Therefore, since only the image-formed paper corresponding to a series of image forming processes where overlapped feeding occurred becomes insufficient in any of the sort bins of the sorter, and it is precisely sorted into the desired sort bin with respect to the image-formed paper which corresponds to a series of other image forming process, it is possible to reduce the time for truing up the image-formed paper after all the image forming processes have been completed, to the minimum required level. In addition, while truing up operation, by taking out the image-formed paper corresponding to a series of image forming process where the above overlapped feeding has occurred, and by providing the second image forming process, it becomes possible to utilize the paper without wasting it.
The above and other features of the present invention will hereinafter be made further apparent by the following explanations by referring to the attached drawings.

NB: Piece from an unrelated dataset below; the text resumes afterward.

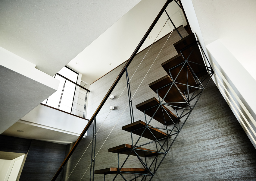 背景の高い壁が美しさを際立たせる、機(jī)能を超えた“見せる階段”。2階南側(cè)にあるライトスクリーン扉から取り入れる日の光は、階段を通して1階まで屆きます。
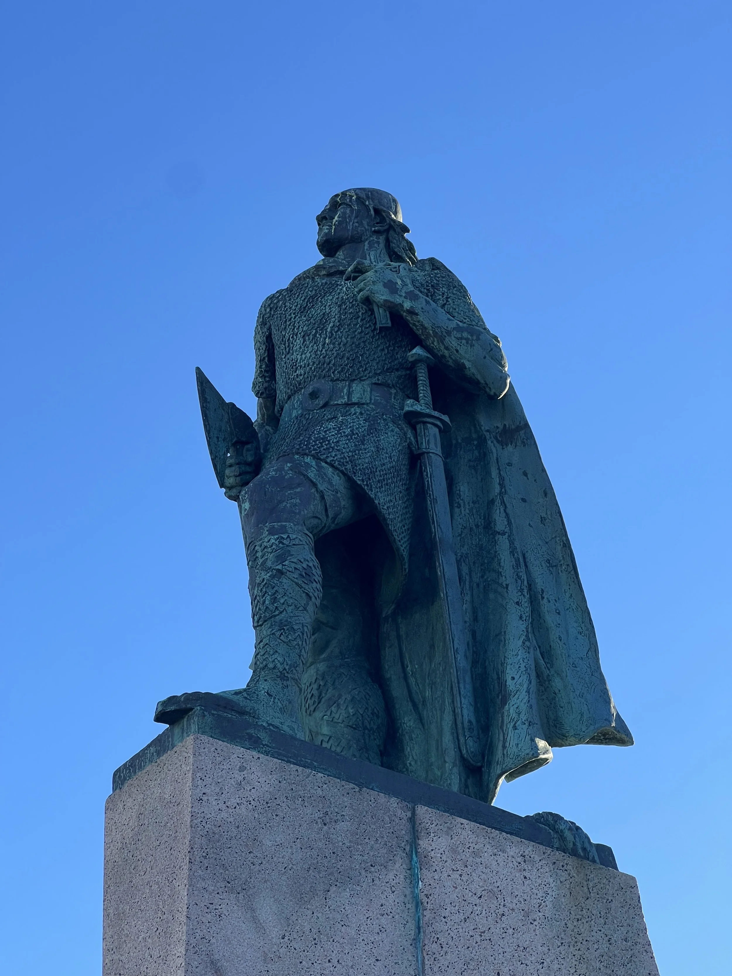 This bronze statue was a gift from the United States to the people of Iceland in 1930. It is located in front of Hallgrimskirka.

BRIEF DESCRIPTION OF THE DRAWINGS

Fig. 1 is a flowchart which schematically explains the discharge control method of copy paper according to the present invention;
Fig. 2 is a flowchart which explains in detail the forced taking out and copying operation of copy paper;
Fig. 3 is a flowchart which explains in detail the forced control operation of a sorter;
Fig. 4 is a schematic block diagram illustrating an electrical structure of an apparatus which carries out the discharge control of copy paper; and
Fig. 5 is a schematic diagram showing the internal design of an electrostatic copying apparatus having a duplex copying function.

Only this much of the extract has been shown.